In an order ringing of a General Data Protection Regulation’s privacy ruling, a Chicago-based futures brokerage has been fined $1.5 million for failing to safeguard its email systems from attacks by cyber criminals, allowing hackers to access sensitive customer information and pilfer $1 million in customer funds.
Futures and swaps markets watchdog U.S. Commodities Futures Trading Commission (CFTC) also ruled that Phillip Capital failed to disclose the cyber breach to its customers in a timely manner and didn’t educate its employees on cybersecurity policy and procedures, provide a written information systems security program and supervise staffers on customer disbursements. Under the directive, Phillip must pay monetary sanctions totaling $1.5 million, which includes a civil penalty of $500,000, and $1 million in restitution. PCI is credited the $1 million restitution based on its prompt reimbursement of the customer funds when the fraud was discovered. The order also requires PCI to provide reports to the Commission on its remediation efforts.

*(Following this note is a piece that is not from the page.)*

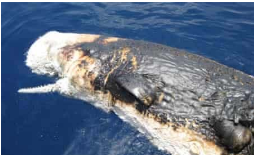
A dead sperm whale following the Deepwater Horizon oil spill.

89. Oil spills not only harm wildlife, but public health, commercial fisheries, tourism, and recreation. For example, following the 2015 Plains pipeline spill, the California Department of Fish and Wildlife closed 138 square miles of marine waters to fishing and shellfish harvesting, two State Parks were closed, and the Governor declared a state of emergency in Santa Barbara County. And the 2021 Platform Elly pipeline spill closed approximately 650 square miles of marine waters to fishing; closed 45 miles of

The penalties reinforce how serious is the CFTC about registrants' cybersecurity procedures and protections, said CFTC Director of Enforcement James McDonald. “Cybercrime is a real and growing threat in our markets,” he said. “While it may not be possible to eliminate all cyber threats, CFTC registrants must have adequate procedures in place — and follow those procedures — to protect their customers and their accounts from potential harm.”
The nine-year old Phillip Capital’s parent company, Phillip Capital Group, is based in Singapore since 1975. Its U.S. unit's customers covers retail, commercial, and institutional clients. Markets traded by its customers spans financial, equity, agricultural, energy, foreign exchange and metals.